Problem:
Locate the line that contains "Elementos de la" in the data that follows. Copy it and every subsequent line to the end, exactly, excluding pictures.

Exercise data:
****************************************

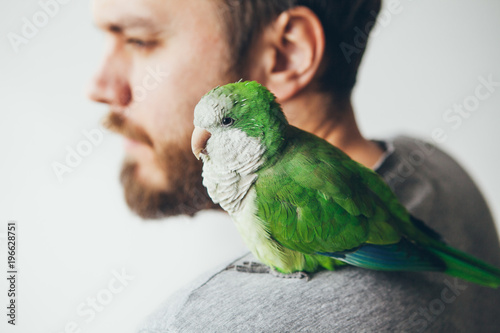Naklejka premium Zbliżenie: młody brodaty mężczyzna ze swoją papugą Quaker na ramieniu w domu
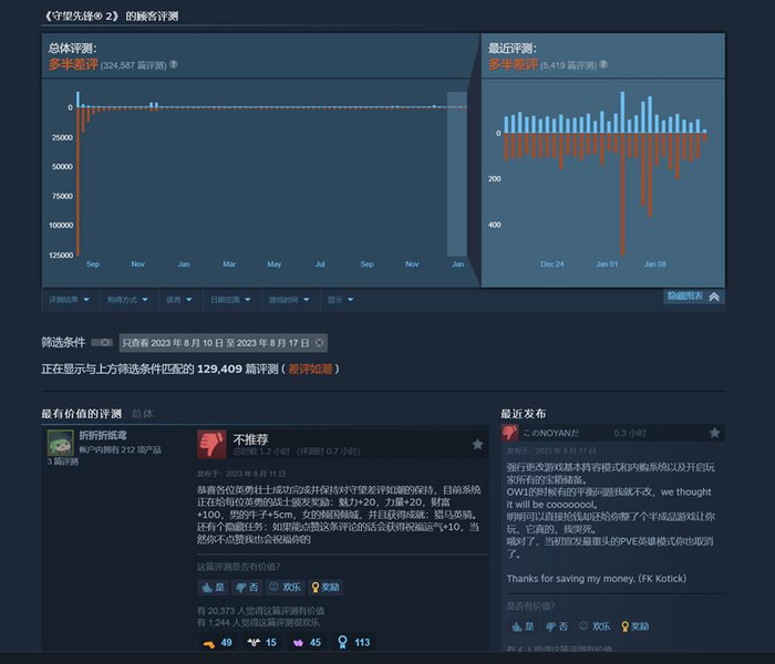 除此以外还有种种离谱的运营操作和不时出现的管理层暴论,以至于2023年8月暴雪将OW2上线steam平台的时候,两天不到就达成了差评如潮的战绩。
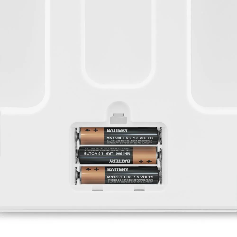 На обратной стороне устройства находится разъём для батареек. Низкое энергопотребление обеспечивает бесперебойную работу устройства от одного комплекта из 3 батареек AAA. Включение и выключение весов происходит автоматически
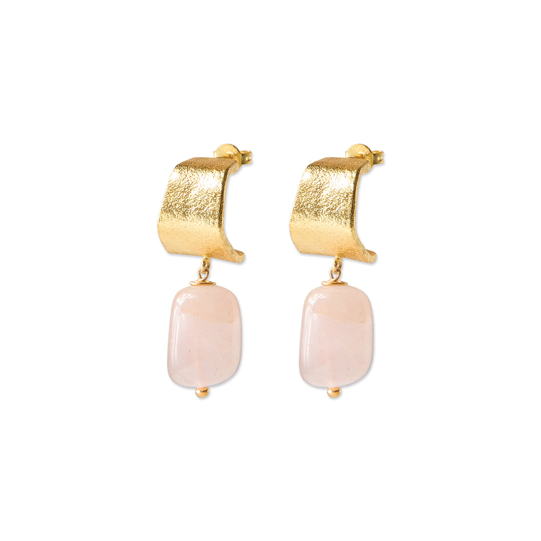 De Honest Rozenkwarts Vergulde Oorbellen zijn een echte statement. Ze zijn handgemaakt van verguld messing en hebben een organisch gevormde bovenkant met een matte textuur. De oorbellen zijn 3,5 centimeter lang. De grote rozenkwarts edelsteen geeft de oorbellen extra betekenis. Rozenkwarts brengt liefde en harmonie in je leven en nodigt je uit om met zachtheid naar jezelf en anderen te kijken.
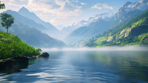 An ancient Saraswati River flows through Indian mountains with green valleys and high peaks. Mist rises over the calm water, creating a peaceful view,beautifully colored, insane detail, intricate detail, beautifully colored, Unreal Engine, Cinematic, Color,Ray Tracing Ambient Occlusion, Anti-Aliasing, FKAA, TXAA, RTX, SSAO, Shaders, OpenGL-Shaders, GLSL-Shaders, Post Processing, Post-Production vibrant colors,blue sky, --ar 16:9
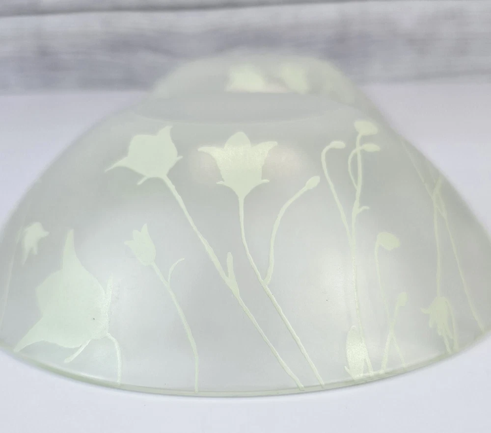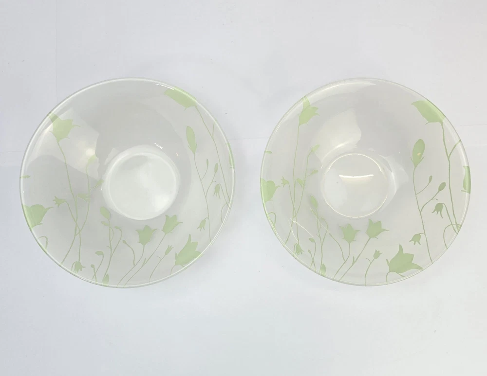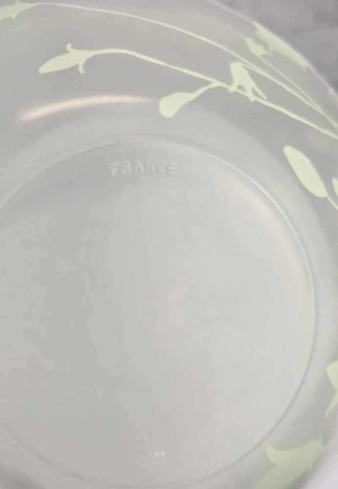 Set of 2 frosted glass bowls with green flowers , made in France. No chips or cracks. *You will receive the exact pictured item. *Please keep in mind this is in great condition but still a vintage / pre-owned item which may shows some flaws. *Please check enlarged photos for more condition details. ALL PHOTOGRAPHS FORM AN IMPORTANT PART OF THE DESCRIPTION *Colors may vary slightly depending on your screen Ship out next day as long next day is not sunday or holiday. _____________________ No returns acepted. If you have any inconvenience after receiving item please contacta me. I will try my best to help. IF I ACEPT THE RETURN ITEM MUST BE IN THE CONDITION IT WAS SENT WITHOUT ANY DIRT, SPOTS OR SINGS OF WEAR. TAGS MUST BE ATTACHED. BUYER IS RESPONSIBLE FOR RETURN SHIPPING FEE. In case of refunds, only will be issue after item arrives back and inspected
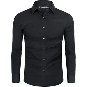 Men's Black Long Sleeve Slim Muscle Fit Wrinkle Free Button Down Dress Shirts
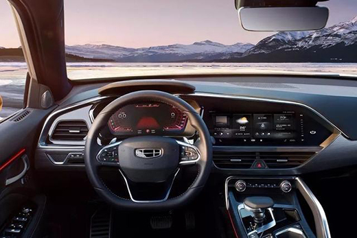 內(nèi)飾部分,排擋區(qū)與大燈高度調(diào)節(jié)開(kāi)關(guān)等諸多細(xì)節(jié)融入了具有中國(guó)特色的吉利回形家族元素,在和諧統(tǒng)一的基調(diào)中強(qiáng)化了中式情感與吉利品牌之間的呼應(yīng)與關(guān)聯(lián)。除此之外,具有“中式折紙藝術(shù)形態(tài)”的車門板設(shè)計(jì)以及采用了“陰陽(yáng)”與“翻轉(zhuǎn)”的設(shè)計(jì)理念的空調(diào)出風(fēng)口亦是“中式美學(xué)”的體現(xiàn)。
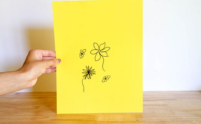 Прикладываем подготовленный трафарет, с помощью маркера переносим очертания изображения на плоскость предмета.
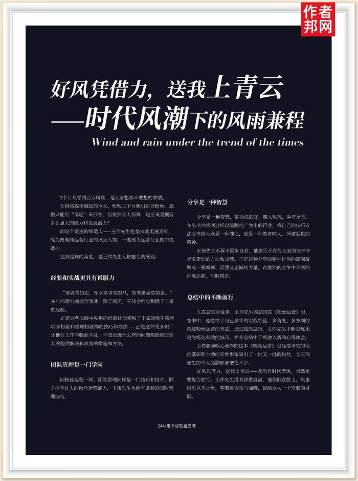 人在总结中进步。王伟先生的总结在《粉丝运营》里在书中,他总结了自己多年的实战经验,多角度、多方面的阐述粉丝运营的方法,通过这次总结,王伟先生不断提炼出更为练达有效的技巧,并在总结中不断融入新的心得体会。
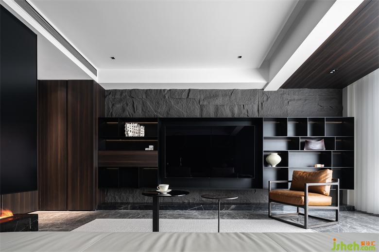 質(zhì)感強(qiáng)烈的木皮也讓空間多了些許高級感
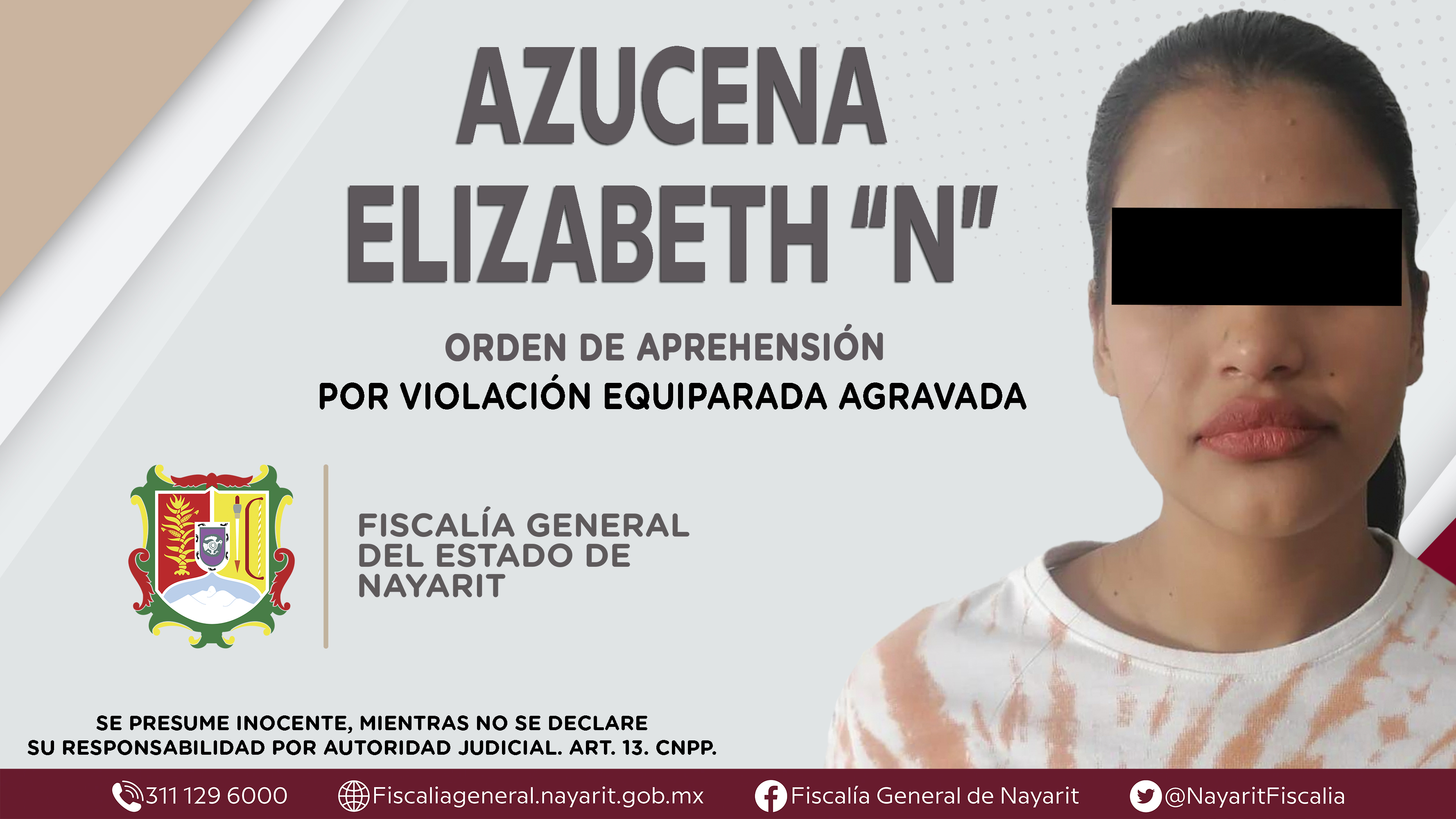 Elementos de la Agencia de Investigación Criminal de Nayarit ejecutaron una orden de aprehensión en el municipio de Bahía de Banderas contra Azucena Elizabeth “N”, por su presuntiva participación en hechos que según apreciación de la ley encuad...
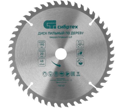 СИБРТЕХ Пильный диск по дереву, 190 х 20 мм, 48 зубьев, кольцо 16/20 732147
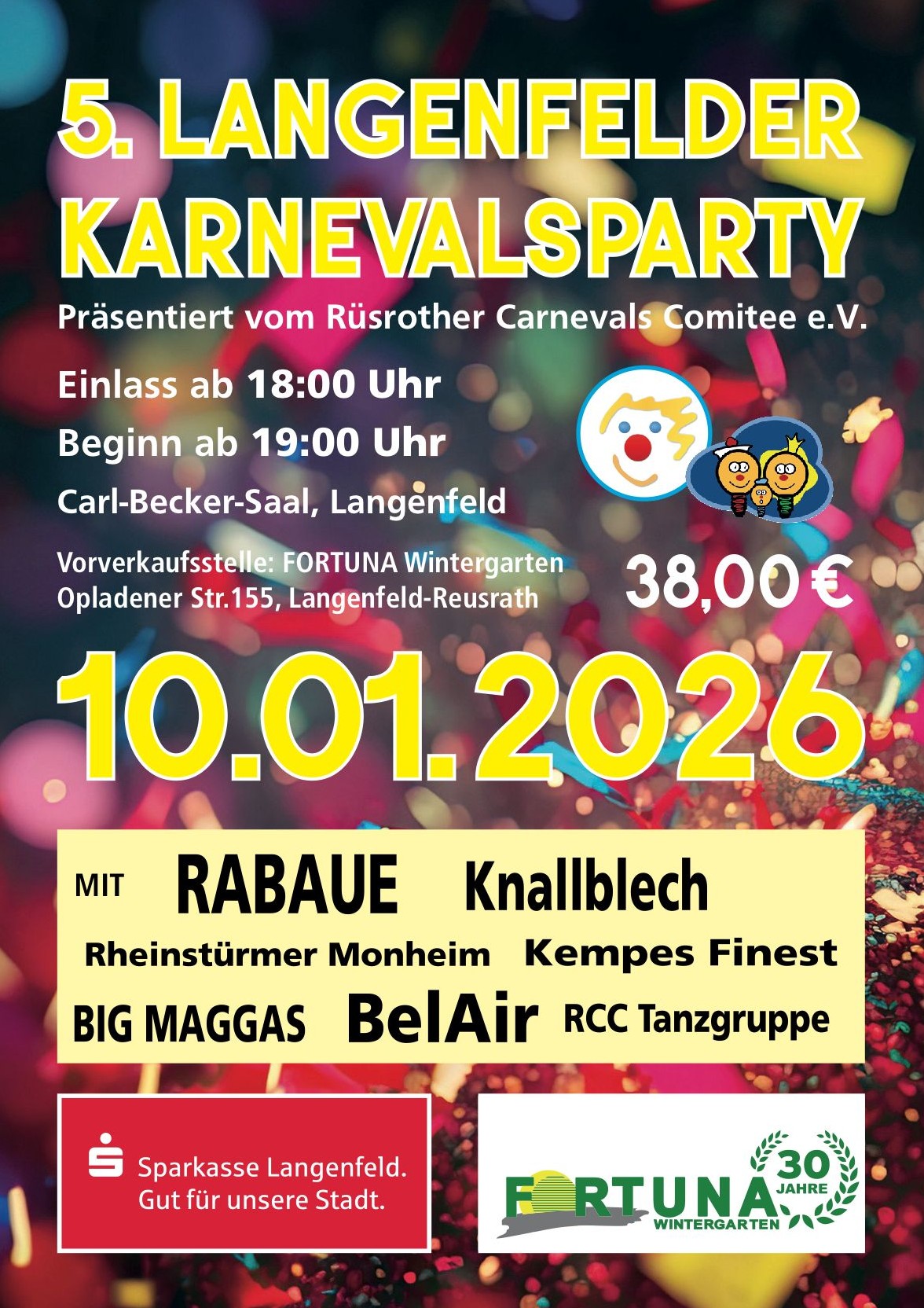 Die 5. Langenfelder Karnevalsparty findet am 10.01.2026 im Carl-Becker-Saal auf der Hitdorfer Straße 10 in Langenfeld statt. Die Party bietet ein über fünfstündiges Programm. Neben den musikalischen und karnevalistischen Größen von Rabaue, BelAir, BIG MAGGAS und Kempes Finest treten noch die lokalen Highlights der Monheimer Tanzgarde die Rheinstürmer, sowie die Tanzgruppe des RCC auf. Zwischen den Live Acts spielt der DJ Karnevalhits. Einlass ist gegen 18.00 Uhr und das offizielle Programm endet gegen 00.00 Uhr. Danach wird unser DJ aber noch weiter für Stimmung im Saal sorgen.

****************************************

Task answer:
 Elementos de la Agencia de Investigación Criminal de Nayarit ejecutaron una orden de aprehensión en el municipio de Bahía de Banderas contra Azucena Elizabeth “N”, por su presuntiva participación en hechos que según apreciación de la ley encuad...
 СИБРТЕХ Пильный диск по дереву, 190 х 20 мм, 48 зубьев, кольцо 16/20 732147
 Die 5. Langenfelder Karnevalsparty findet am 10.01.2026 im Carl-Becker-Saal auf der Hitdorfer Straße 10 in Langenfeld statt. Die Party bietet ein über fünfstündiges Programm. Neben den musikalischen und karnevalistischen Größen von Rabaue, BelAir, BIG MAGGAS und Kempes Finest treten noch die lokalen Highlights der Monheimer Tanzgarde die Rheinstürmer, sowie die Tanzgruppe des RCC auf. Zwischen den Live Acts spielt der DJ Karnevalhits. Einlass ist gegen 18.00 Uhr und das offizielle Programm endet gegen 00.00 Uhr. Danach wird unser DJ aber noch weiter für Stimmung im Saal sorgen.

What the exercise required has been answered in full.